東浦の告発 -『バベルノトウ 名探偵三途川理 vs 赤毛そして天使』を考察する-
2017年6月13日
※注意※
本記事では
森川智喜『バベルノトウ 名探偵三途川理 vs 赤毛そして天使』
東浦のダイイングメッセージ(3つの点)について独自に考察/解釈しています。
作品の結末等ネタバレになることは書いてありませんが
具体的なページ表記があるなど既読を前提に書かれておりますので
作品既読の方またはこれを承諾する未読の方が読むことを推奨します。
また、本記事に記載される考察はあくまで筆者個人の意見です。
上記に同意していただける方のみ続きをお読みください。
ダイイングメッセージはただの布石だったのか
「絨毯に妙な記号が残っています」
(P115/L2より引用)
結局、
作中では最後まで明らかにされなかった
東浦が残した“3つの点”のダイイングメッセージの真相。
個人的には、
「でも思ったんだけど、
書いた本人にしか、本当の意味ってわからないよ」(P257/L1より引用)
というユニカルの言葉で締めるための布石だったと考えているのが半分。
もう半分で、
この3つの点はユニカル、セネアル、ヒャヒャテル――
3人の天使を意味していたのではないか、と考えています。
(東浦にとって)誰が東浦を殺したのか
緋山はこのダイイングメッセージについて、
「けれどもおれが思うのは、
たかが三つの点で表現できる言葉というものは、
どうも単純な意味なのではないかということです。
せいぜい一つか二つの単語、もしくは単語にもならない中途半端な言葉だと思うのです」(P155/L17~P156/L1より引用)
と述べています。
ならば単純であることにこだわればいい。
すなわち、あれは言葉や記号ですらない、
見たままの光景――遠くから見たor簡略化した3人の姿だったのではないだろうか。
もし、
なんらかの理由で
東浦が屋上にいる天使たちを目撃していたのだとしたら。
必ずしも「屋上」で「天使」を「見」ている必要はない。
たとえば影であったり声であったり物音であったり、
要するに“3人の何者か”の気配を東浦が感じていたならば、
あのとき東浦が残した3つの点に意味を与えることはできます。
花谷によれば、
東浦に椿の両親の事故に対する反省の色はなかった(P220/L1)。
花谷が突然襲いかかってきても、
東浦本人にはそうなる理由がさっぱりわからなかった可能性がある。
感情x。
花谷が自分を殺すのは
自分には理解しえない“感情x”が彼に存在したからだ、と東浦は思っただろう。
ではなにが花谷の凶行を招いたのか。
東浦はすでに人が変わる瞬間を一度目撃している。
そう、椿が陥った〈言語混乱〉。
椿になにかした犯人が
同様に花谷にもなにかしたに違いない。
東浦はこれを告発するために3つの点を描いたのではないでしょうか。
天使たちは「勝ち逃げ」したのか
それに、
ユニカルが「ひれふせ!」とくりかえす場面で
このダイイングメッセージが強調されているという点も気になる。
これがお前らの知の限界だ。
ひれふせ、二本足獣ども。
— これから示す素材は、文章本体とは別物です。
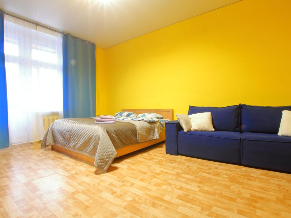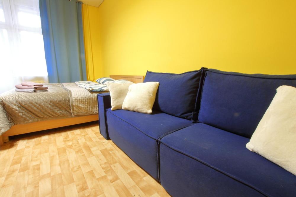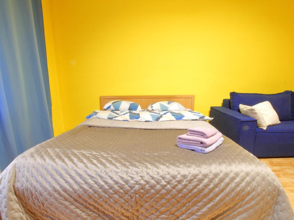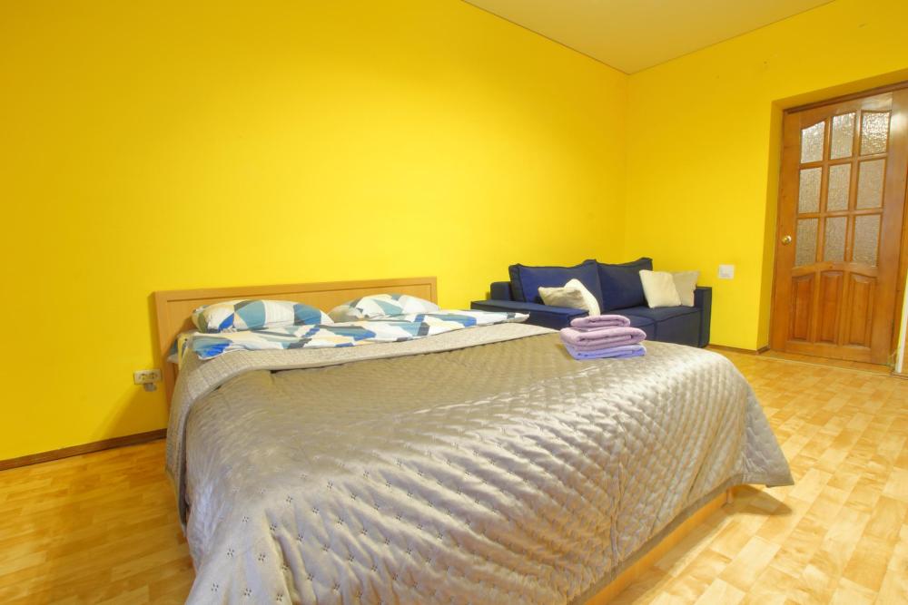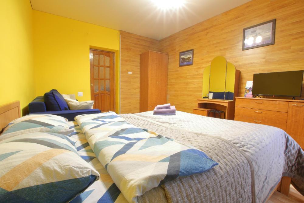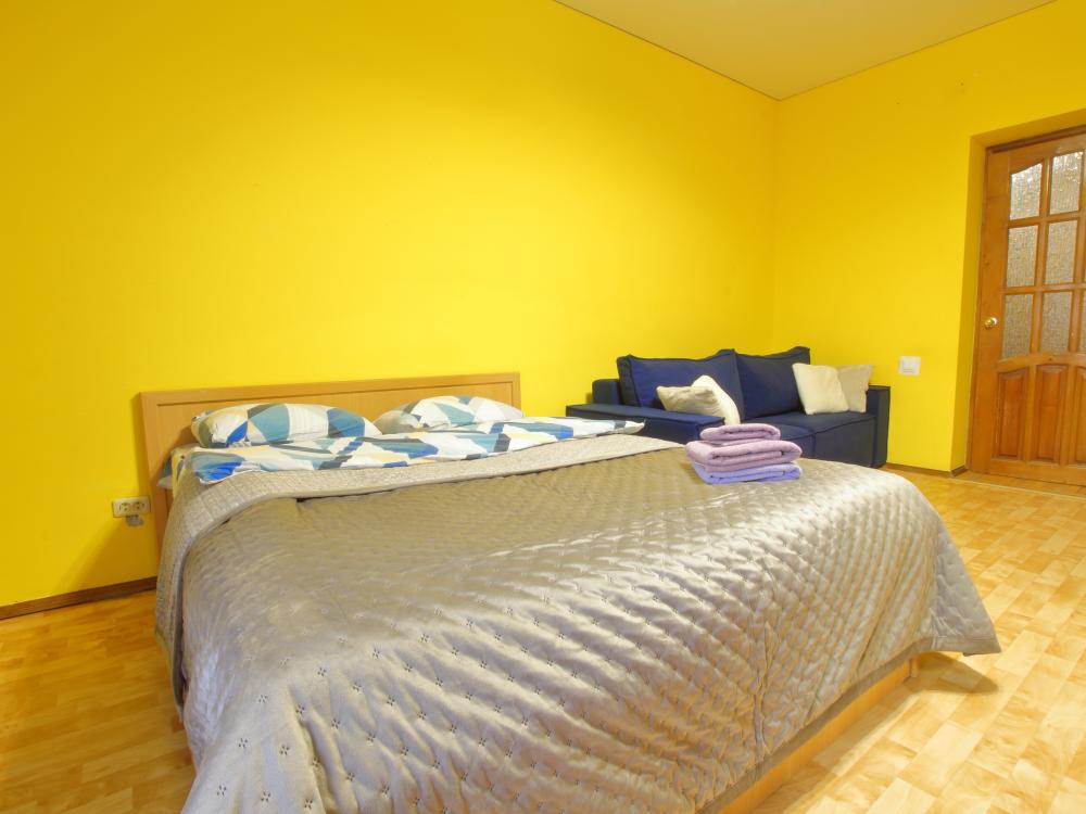 Большая евродвухкомнатная квартира находится на 1 этаже, в комнате находится кровать, на кухне и в коридоре во дивану, которые раскладываются в спальные места. Есть балкон. В квартире есть все необходимое для проживания: Посуда, Постельное белье, Бытовые приборы. Уборка производится после каждого гостя. При длительном проживании уборка проводится по запросу. Квартира расположена в 3 км. От исторического центра города. Удобные подъездные пути. Комфортное расположение дома.

(P187/L1~2より引用)
知の限界につまずき天にひれふすべき「二本足獣」が、
じつは彼女の知らぬところで彼女たちの存在に気づいていた。
これまでどの主人公にも
圧勝や勝ち逃げを許さなかった森川氏なら、
今回の主人公・ユニカルにもそれぐらいの皮肉なオチをつけそう。
「人は複雑な生きものです。
外から見てわからぬ人間関係というものは、考えられないわけではありません」
とは水嶋老の言葉。
東浦と天使たちのあいだにも、
外からはわからないなにか意外な関係性があったのかもしれない。
と、ひねくれた作者のひねくれたファンは、つい勘ぐってしまうのです。